Mein Besuch im Buchhändlerkeller
Im Oktober 2009 ging ich zweimal zu den Lesungen des sogenannten Buchhändlerkellers, um mich mal fernab der für mich gewohnten Fernsehlandschaft niveauvoll unterhalten zu lassen. Um nicht als Film- und Fernsehfledermaus unter den ganzen anderen Leseratten aufzufallen, nahm ich noch zwei hungrige Bücherwürmer mit. Politisch korrekt gesagt, waren es zwei Bücherwürmerinnen, wobei die eine normalsehend und Mitarbeiterin des Projektes „Berlin für Blinde“ und die andere eine langjährige blinde Freundin ist. Da ich ja selbst auch sehbehindert bin und es zu diesem Zeitpunkt noch keine Wegbeschreibung vom U-Bahnhof Ernst-Reuter-Platz bis zum Buchhändlerkeller gab, war es schon recht hilfreich, eine normalsehende Begleitung dabei zu haben, denn ohne Wegbeschreibung kann der Ernst-Reuter-Platz doch äußerst unübersichtlich sein, vor allem wenn die Sicht ohnehin schon getrübt ist.
Über die bald erscheinende Wegbeschreibung redend, liefen wir etwa fünf Minuten zum Buchhändlerkeller, und zumindest ich war überrascht, als wir dort ankamen, denn beim Buchhändlerkeller fehlten sowohl der Handel als auch der Keller! Der Vortragsraum ist ebenerdig und Bücher werden nur jeweils direkt nach einer Lesung verkauft – oftmals sogar vom Autor signiert. Einstmals befand sich der Vortagsraum tatsächlich in einem Keller und Buchhandel wurde auch betrieben, jedoch wurden dann irgendwann andere Räumlichkeiten aufgesucht, wobei der Name „Buchhändlerkeller“ in Fachkreisen offenbar für gute Qualität steht und aufgrund dieser Etablierung natürlich beibehalten wurde.
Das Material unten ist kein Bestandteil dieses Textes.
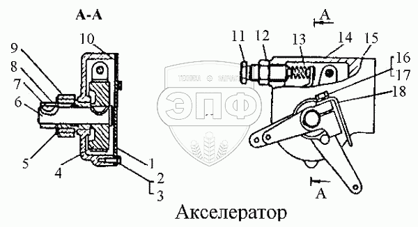 Каталог запасных частей к технике: ЧТЗ Т-170. Акселератор
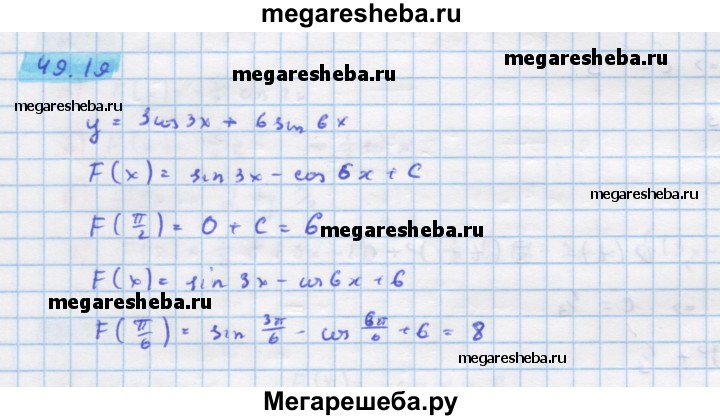 48.19. Некоторая первообразная функции у=3cos3x + 6sin6x принимает в точке х = π/2 значение 6. Какое значение принимает та же первообразная в точке х = π/6?

Wir zahlten den für uns ermäßigten Eintrittspreis von 3 Euro und setzten uns in die erste Reihe des mittelgroßen Vortragsraumes. Obwohl der bei starker Zuhörerfrequentierung ebenfalls genutzte Nebenraum mit seinen gemütlichen Polstermöbeln und der kleinen Bar sehr einladend auf uns wirkte, war nun erst einmal die Lesung an der Reihe.
Es ging um die „Wahlverwandtschaften“ von Johann Wolfgang von Goethe. Da der Autor seit 1832 für Lesungen nicht mehr zur Verfügung steht, wurde er durch den bekannten Film- und Theaterschauspieler Hermann Treusch vertreten, der durch seine hervorragende Vortragsweise selbst mich mitreißen konnte, und dabei war mir die Geschichte um Liebesbeziehungen, Gesellschaftsordnung und Chemie schon in meiner Schulzeit zu komplex und rätselhaft.
Bei der zweiten Lesung, welche wir besuchten, ergaben sich für mich weitaus weniger Verständnisschwierigkeiten, denn es ging um Harry Potter! Genauer gesagt, um das Buch von Viola Altrichter mit dem Titel „Harry Potter – ein moderner Mythos“. Ich selbst kann zwar mit dem Zauberzwerg nicht viel anfangen, aber meine beiden Bücherwürmer waren durch diverse Bücher, Hörbücher und Filme im Vorhinein bestens informiert.
Das Altersspektrum reichte vor allem bei der zweiten Lesung von Anfang zwanzig bis Ende siebzig. Nach den Lesungen und der obligatorischen Gesprächsrunde unterhielten wir uns auch noch kurz mit der Leiterin des Buchhändlerkellers Frau Staudacher, die sich erkundigte, ob es uns denn gefallen hätte und ob wir die Lesungen in ihrem Haus weiterempfehlen würden. Unsere Antwort war einstimmig ja, und das ist auch der Grund, weshalb ich diesen Erlebnisbericht hier verfasse, denn solch eine Lesung ist auch für blinde Hörbuchwürmer eine ideale Gelegenheit, um andere Liebhaber ihrer literarischen Helden kennenzulernen oder auch einfach nur vielfältig und niveauvoll unterhalten zu werden.
Übrigens ging ich nach der ersten Lesung direkt nach Hause, um mich im Internet etwas genauer über die „Wahlverwandtschaften“ zu informieren.